Глава 2560. Дети Глемоса. Часть 4 •
— Иначе она стала бы первой стабильной чистокровной Фомор и больше не нуждалась бы в нём. Глемос сделал это, чтобы держать её на привязи и заставить стать твоей женой, надеясь получить кого-то лучше Гаррика, — сказала Рила.
— Зачем ты мне всё это рассказываешь? — спросил Морок.
— Потому что Глемос был прав. Ты лучше него, — ответила она.
— И как только ты рассказал, будто он пожертвовал собой ради тебя, я поняла, что это ложь. Этот ублюдок с радостью пожертвовал бы кем угодно, лишь бы спасти себя.
— Как он сам говорил: у него всегда могли быть новые дети. Ты и Гаррик никогда ничего для него не значили. Ему нужно было только доказательство успеха своих экспериментов, чтобы потом повторять их снова и снова.
— А это значит, что ты либо убил его сам, либо приказал это сделать. Мне всё равно как и почему. Просто знай — мне не нужно, чтобы ты врал.
— Если он так с тобой поступал, почему ты так быстро решила мне доверять? — Морок пристально вгляделся в её лицо, заметив, что несмотря на весь спектакль, Фомор не испытывает ни почтения, ни преданности своему «богу».
— Ты считаешь, что я убил его — и, насколько тебе известно, следующими могу быть ты и Гаррик. Если ты никогда не верила в его бред, зачем притворяться фанатичкой и поддерживать культ Глемоса?
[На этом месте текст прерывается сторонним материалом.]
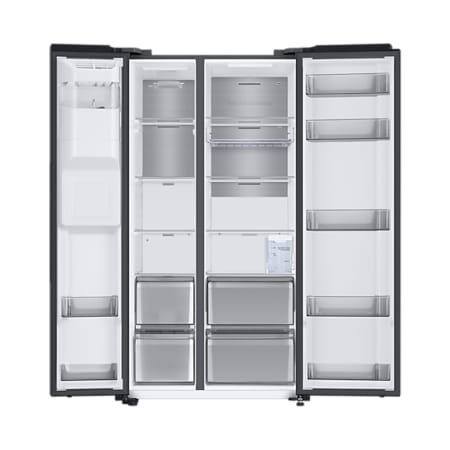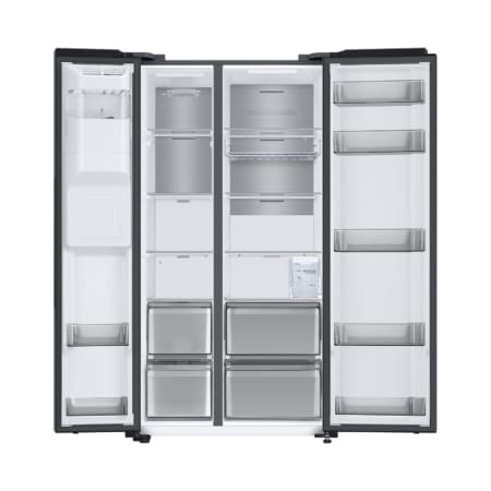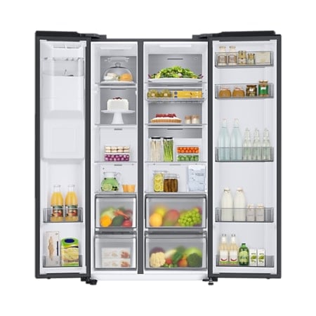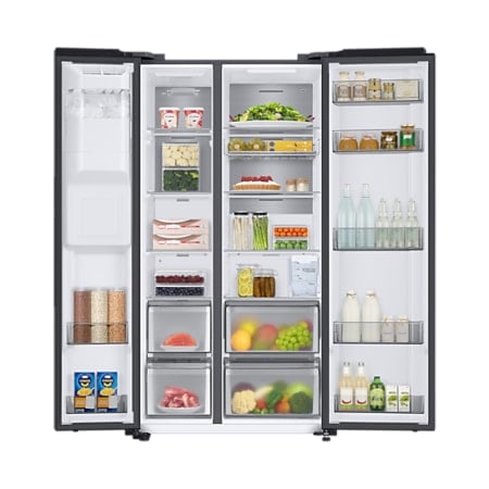 Samsung RS68A8540B1/EF. Apparaatplaatsing: Vrijstaand, Productontwerp: Amerikaanse deur, Kleur van het product: Zwart. Totale nettocapaciteit: 634 l, Klimaatklasse: SN-T, Geluidsemissieklasse: C. Nettocapaciteit koelkast: 409 l. Nettocapaciteit vriezer: 225 l, Vriezer positie: Ernaast, Vriescapaciteit: 15 kg/24u. Energie-efficiëntieklasse: F, Jaarlijks energieverbruik: 395 kWu, Energie-efficiëntieschaal: A tot G
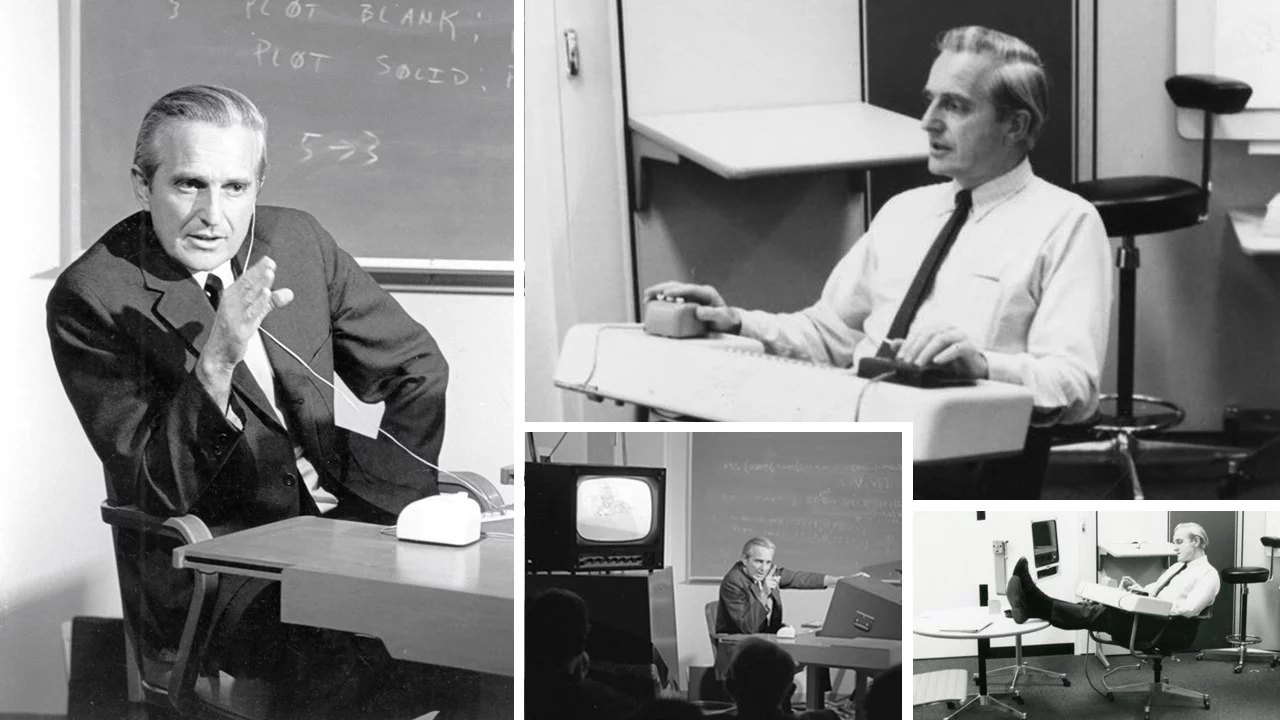 Engelbart era vestito con una semplice camicia bianca e indossava una cuffia con microfono incorporato (per intenderci quelle che oggi vengono usate nei call center) e le sue parole rimbombavano nella grande sala, mentre mostrava i prodigi della tecnica dalla sua postazione studiata dalla Herman Miller Company alla folla stupita.

— Я доверяю тебе не только потому, что думаю, будто ты убил его и освободил нас, но и потому, что, когда я представила тебе твоего сводного брата, ты первым делом защитил его, а не попытался использовать. — Рила кивнула на руки Морока, всё ещё прикрывающие уши Гаррика.
— Если бы ты был как Глемос, ты бы изобразил братскую заботу, которой на самом деле не чувствуешь, а потом спросил бы, какими способностями он обладает и чем может быть полезен. Затем потребовал бы доступ в лабораторию, чтобы взять то, что считаешь своей собственностью.
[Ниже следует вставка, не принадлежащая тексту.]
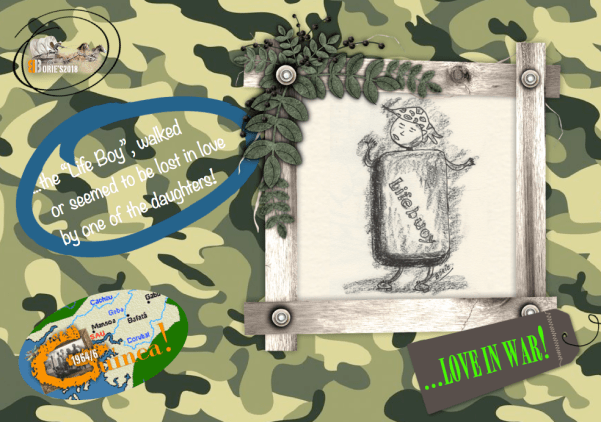 …o amor é como uma guerra, fácil de começar, mas muito difícil de acabar!. Não sabemos onde ouvimos ou já vimos esta frase escrita, mas estando num local, onde o cenário de guerra era constante, o “Life Boy”, andava ou parecia que andava perdido de amores por uma das filhas do “Libanês”!. (love is like a war, easy to start, but very difficult to end!. We do not know where we heard or have already seen this written phrase, but being in a place where the scene of war was constant, the “Life Boy” walked or seemed to be lost in love by one of the daughters of “Lebanese”)!.

— Вместо этого ты стал спрашивать, кто мы тебе, а не что можем дать. Ты позаботился о невинности Гаррика и не стал разрушать его представление об отце — и этим всё сказал.
— Я не знаю, зачем ты на самом деле здесь, Морок Эари, но знаю, кто ты есть. Хороший человек. А твой вопрос о моей роли верховной жрицы — лишь подтверждение, что ты наивен и добросердечен.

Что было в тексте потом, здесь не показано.